Date: Mon, 19 Feb 2001 21:19:53 -0800
Reply-To: John Baj <jbaj@NIU.EDU>
Sender: "SAS(r) Discussion" <SAS-L@LISTSERV.UGA.EDU>
From: John Baj <jbaj@NIU.EDU>
Subject: Matching observations in two datasets
Content-Type: text/plain; charset=us-ascii
I have two datasets that contains the information on the job spells of
individuals: one dataset for welfare recipients(about 300,000 job
spells)and another for those not on welfare(about 4.5 million job
spells). The two databases have the same variables. The three variables
most relevant to my problem are: Employer Id (empid), Quarter
employment began (startdt) and earnings in 2nd quarter after the start
What I need to do is to build a comparision group for the welfare
population from the non welfare population (matched pairs). For this
comparison group, I am trying to match each job spell of welfare
recipients to a job spell of a non recipient who began working for same
employer at the same time and for approximately the same wage (using the
earnings variable as a proxy) as the recipient. The matches are to be
constrained so that the difference in earnings between the matched pairs
cannot be more than $150.
If there was just one welfare client per employer and start date, I
could simply merge on the basis of empid and startdt and select the non
welfare recipient with the earnings closest to the welfare recipient.
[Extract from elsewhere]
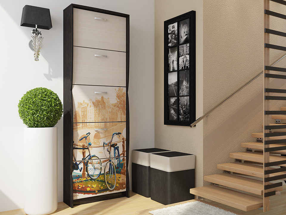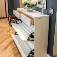 Der schmale Schuhkarton ist ideal für die Einrichtung eines langen und schmalen Ganges. Die Produkthöhe kann unterschiedlich sein. Hohe Modelle haben maximale Kapazität. Hohe Produkte müssen zusätzlich an der Wand befestigt werden, um eine zuverlässige Fixierung zu gewährleisten. Niedrige Modelle sind stabil und benötigen daher keine zusätzlichen Maßnahmen zur Fixierung.

However, many employers hire more than one welfare recipient during the
same quarter resulting in multiple observations on the by variables in
each dataset. In addition, it is possible that some welfare recipients
cannot be matched so I have to account for that as well.
I's be grateful for any hints on how to tackle this problem. My gut
says that the solution may lie in SQL but I simply do not know SQL that
well to attempt it from scratch.
Thanks in advance.